Posts Tagged ‘helen blatz’

Acute Angina. And Other Adorable Ailments.

Tuesday, February 17th, 2009

By Helen Blatz

I turned sixty last week. My kids threw me a party with a cake, streamers, sparkling wine, the whole shebang. Until then I’d never witnessed a cake with sixty candles on it. Once they were lighted, I’m certain you could see my backyard from space. Of course I was obliged to blow them out. “Come on, honey, it’s not the last blow job you’ll give tonight!” My horny husband of fifteen years shouted. He has poor hearing and no shame. He continuously brags about our sex life and has no qualms about sharing our more amorous adventures with just about anyone.

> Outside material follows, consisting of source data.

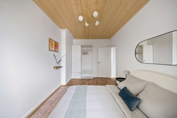 Im Rahmen einer hochwertigen Aufstockung auf einem klassischen Berliner Altbau entstand diese moderne 3-Zimmer-Wohnung im neu errichteten Staffelgeschoss. Die Bauarbeiten begannen im Jahr 2023, der Erstbezug ist für das Frühjahr 2025 vorgesehen.
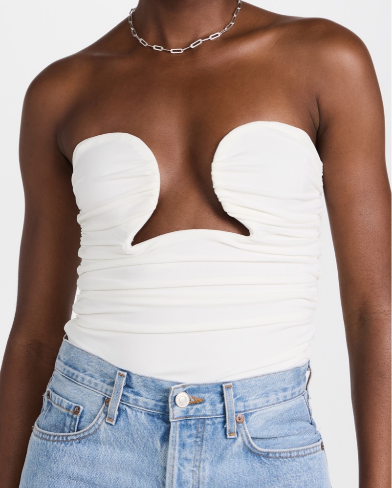Add a touch of night-out style to your everyday look with this striking Pixie Market bustier top. This piece is delicately ruched for a formfitting look
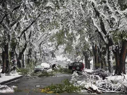 9月8日卡城大雪,前一天的气温还高达25C。三天的降雪,卡尔加里国际机场的降雪达到28cm。卡城西部地区达到45cm。在过去的130年间,第一场降雪经常在秋分时节来到。
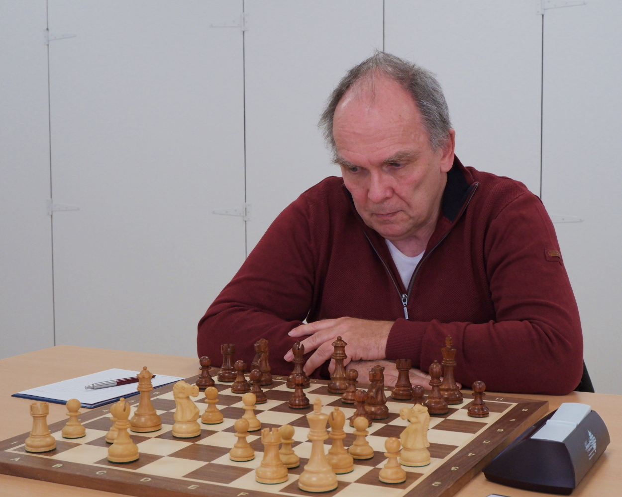 Ich war die ganze Zeit über am Drücker und konnte mit meinen Türmen in die gegnerische Stellung eindringen. An einer Stelle zog ich aber zu schnell und machte nur den zweit- oder drittbesten Zug. Damit war ein mein Vorteil größtenteils hin. Mein Gegner bekam Gegenspiel. In einem komplizierten Turmendspiel ging ich dann, auch mit Hinblick auf den Stand der Mannschaft, in eine Zugwiederholung. (4:1)
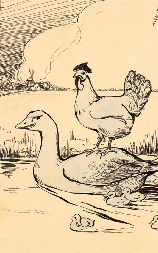 Ты только посмотри, Моня, это же про мир нашего сада! воскликнула Верона, указывая пальчиком на рисунки. Это наши курицы: Фифа, Цаца и Джулиана, а с ними петух Васька. Смотри, как он похож!

Ever since we installed that hanging basket in the bedroom, I’ve noticed that the mailman looks at me differently.

Old age is a cold-hearted bitch with a 14-inch strap on.

That’s how I feel though I must confess the metaphor is borrowed from the TV show Dexter. Now that I’m a sexagenarian (an apt label for anyone over fifty with a wicker sex chair suspended from the ceiling of their boudoir) original thought is a thing of the past. It’s as if all synaptic activity has migrated south to my lower intestines, transforming itself into pulsing waves of flatulence along the way. If I had my druthers, I would have blown out my birthday candles with a mighty gust from the old caboose. But I have my position on the church membership committee to consider.

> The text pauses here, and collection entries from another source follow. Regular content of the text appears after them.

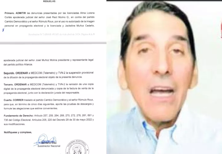 Las denuncias, presentadas por las licenciadas Alma Lorena Cortés y Jackeline Muñoz Cedeño, apoderadas judiciales del señor Mulino y del partido Alianza respectivamente, señalan al partido Cambio Democrático, y en particular al señor Rómulo Roux, como responsables de la propaganda que utiliza la imagen personal del candidato Mulino de manera no autorizada.
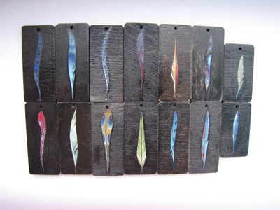 Перья и пёрышки. В виде кулонов и серёжек. Их можно собрать в любой комбинации (как по отдельности, так и в наборе). папье-маше/дерево, темпера, лак
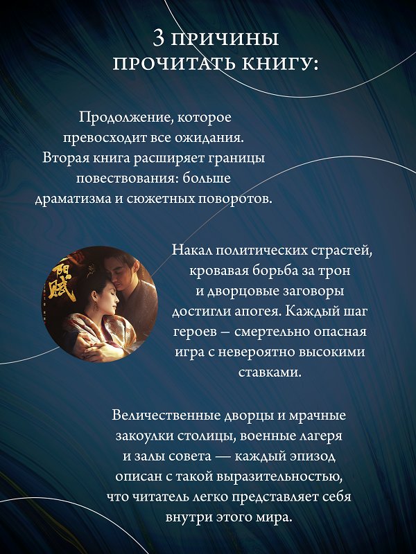 Политические бури не утихают: дворцовые заговоры, борьба за трон и кровопролитные восстания делают каждый шаг смертельно опасной игрой. Но Ван Сюань уже не юная принцесса — она женщина, на чьих плечах держится будущее Поднебесной. Чтобы сохранить порядок, ей приходится принимать жестокие решения, и жертвовать тем, что дорого сердцу. Вместе с Сяо Ци, мужем, ставшим ее опорой и союзником, она проходит через множество опасностей и предательств и поднимается на вершину, чтобы удержать страну от гибели.
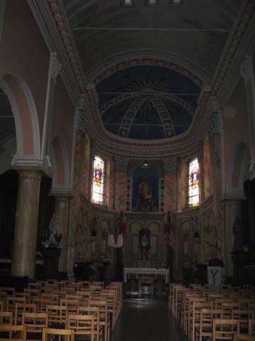 Élevée en pierre crayeuse sur des soubassements de grès, comme il est d’usage dans la région, l’église comprend une nef de quatre travées, séparée des collatéraux par deux files de trois colonnes, et prolongée par un chœur et une abside en demi-cercle. Couverte d’une voûte simulée, faite de plâtre sur armature de charpente, la nef n’a pas d’éclairage direct, car le profil de son comble à pente modérée rejoint pratiquement celui des toits des collatéraux, établis à un niveau légèrement inférieur.
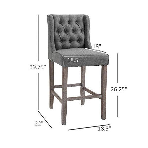 HOMCOM 40" Gray Tufted Wingback Armless Counter Height Barstools - Set of 2
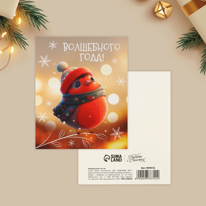 Открытка-мини «Волшебного года!», снегирь 10.7 х 8.8 см — Характеристики
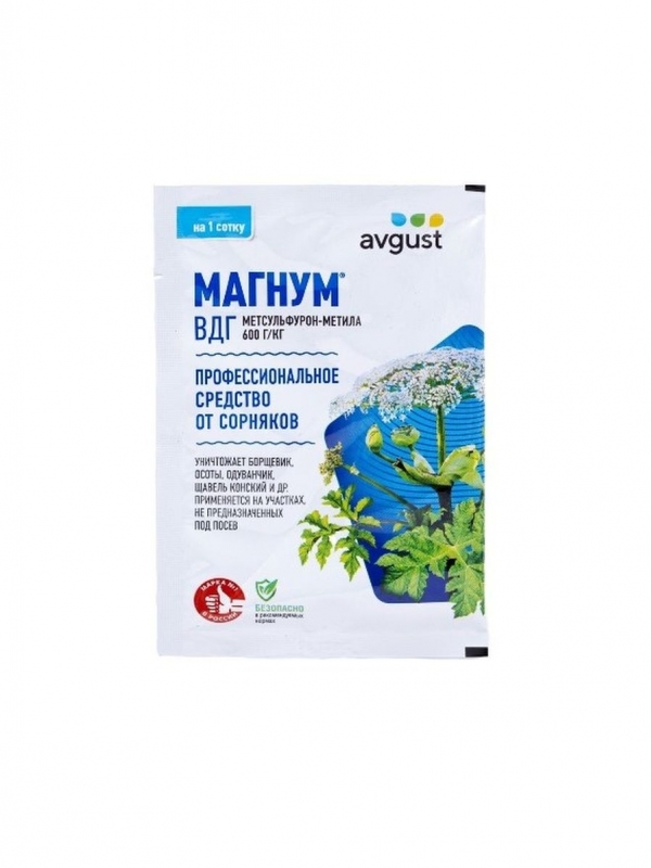 Средство для защиты от сорняков Магнум эффективно борется с одно- и многолетними двудольными сорняками. Одного пакета достаточно для обработки площади до двух соток. Средство концентрированное, перед использованием требуется разбавление. Готовый раствор нужно использовать в течение четырех часов. Способ применения: Опрыскивание по растущим двудольным сорнякам одуванчик, подорожник, амброзия, бодяк полевой, горцы, горчица, звездчатка средняя, крапива, лютик, осот, пастушья сумка, пикульник виды, ромашка, щавель, ширица и др. в фазе 2-4 листьев у однолетних и при высоте многолетних 10-15 см. Добавление препарата Адью в раствор Магнума усиливает действие раствора. Меры безопасности: Обработку проводить в отсутствие детей и животных. Работать в специально предназначенной для этой цели одежде, перчатках и респираторе. Хранить препарат отдельно от лекарств, пищевых продуктов и кормов для животных в сухом, прохладном месте, недоступном для детей и животных. Запрещается: Пить, принимать пищу, курить. Использовать посуду емкости для пищевых продуктов и питьевой воды для приготовления рабочих растворов. |

I must say, although the numbers six and zero together scare the hell out of me, my health is no source of worry these days. I feel great and plan to live for another sixty years at least. Sadly, this is not the case for some of my pals in book club. They’ve started dropping like thongs at a Viagra convention. My first husband’s cousin, Betsy (a.k.a. gay fat Betts according to my oldest son), read her last Oprah book a couple of months ago. She cashed it in shortly after scarfing down a bear claw from the food court in Macy’s basement. Apparently she had stopped taking her insulin during the Clinton administration while continuing to satiate her life-long sweet tooth with assorted treats from department store bakeries. Ketoascidosis is what it’s called. That’s when the body has too much sugar hanging around because the pancreas is no longer converting it into energy. This sends the system into shock and shuts down pretty much every life-sustaining organ. The person slips into a coma and eventually dies. Diabetes is a cold-hearted bitch with spurs and a bullwhip.

Fred, my first husband, died under the grip of acute angina. Trust me, there was nothing cute about it, though the paramedic who tried to revive him had an adorable cleft in his chin. I’m not going to go into the details of watching your sole lover of twenty-three years hit the floor like a stone but needless to say that appalling image will remain embedded in my psyche for an eternity, or until the day I finally leave this ghastly planet and head to that big bakery in the sky – where presumably Betsy will be waiting, Oprah book and bear claw in hand.